So the class fusion from \(M\) into \(G\) is determined up to table automorphisms by the commutative diagram.

9.3-3 \(A_6 \times L_2(8).3 \rightarrow Fi_{24}^{\prime}\) (November 2002)

The class fusion of the maximal subgroup \(M \cong A_6 \times L_2(8).3\) of \(G = Fi_{24}^{\prime}\) is ambiguous.

gap> m:= CharacterTable( "A6xL2(8):3" );;
gap> t:= CharacterTable( "F3+" );;
gap> mfust:= PossibleClassFusions( m, t );;
gap> Length( RepresentativesFusions( m, mfust, t ) );
2

We will use the fact that the direct factor of the type \(A_6\) in \(M\) contains elements in the class 3A of \(G\).

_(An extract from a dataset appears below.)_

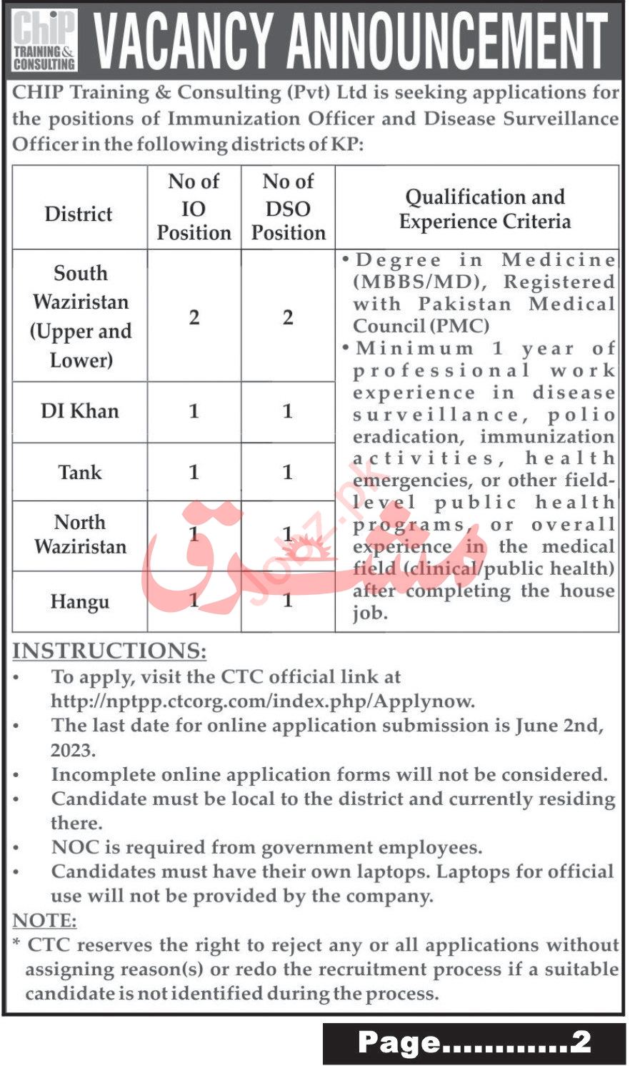 CHIP Training & Consulting Pvt Ltd is looking for candidates for following posts as per job advertisement published in daily Mashriq Newspaper of May 29, 2023 for location Dera Ismail Khan, dera ismail khan Khyber Pakhtunkhwa KPK Pakistan:

This fact can be shown as follows.

gap> dppos:= ClassPositionsOfDirectProductDecompositions( m );
[ [ [ 1, 12 .. 67 ], [ 1 .. 11 ] ] ]
gap> List( dppos[1], l -> Sum( SizesConjugacyClasses( t ){ l } ) );
[ 17733424133316996808705, 4545066196775803392 ]
gap> List( dppos[1], l -> Sum( SizesConjugacyClasses( m ){ l } ) );
[ 360, 1512 ]
gap> 3Apos:= Position( OrdersClassRepresentatives( t ), 3 );
4
gap> 3Ainm:= List( mfust, map -> Position( map, 3Apos ) );
[ 23, 23, 23, 23, 34, 34, 34, 34 ]
gap> ForAll( 3Ainm, x -> x in dppos[1][1] );
true

Since the normalizer of an element of order three in \(A_6\) has the form \(3^2:2\), such a 3A element in \(M\) contains a subgroup \(U\) of the structure \(3^2:2 \times L_2(8).3\) which is contained in the 3A normalizer \(S\) in \(G\), which has the structure \((3 \times O_8^+(3).3).2\).

(Note that all classes in the \(3^2:2\) type group are rational, and its character table is available in the GAP Character Table Library with the identifier "3^2:2".)

gap> u:= CharacterTable( "3^2:2" ) * CharacterTable( "L2(8).3" );
CharacterTable( "3^2:2xL2(8).3" )
gap> s:= CharacterTable( "F3+N3A" );
CharacterTable( "(3xO8+(3):3):2" )
gap> ufuss:= PossibleClassFusions( u, s );;
gap> comp:= SetOfComposedClassFusions( sfust, ufuss );;
gap> ufusm:= PossibleClassFusions( u, m );;
gap> filt:= Filtered( mfust,
>               map -> ForAny( ufusm,
>                          map2 -> CompositionMaps( map, map2 ) in comp ) );;
gap> repr:= RepresentativesFusions( m, filt, t );;
gap> Length( repr );
1
gap> GetFusionMap( m, t ) in repr;
true

9.3-4 \((3^2:D_8 \times U_4(3).2^2).2 \rightarrow B\) (June 2007)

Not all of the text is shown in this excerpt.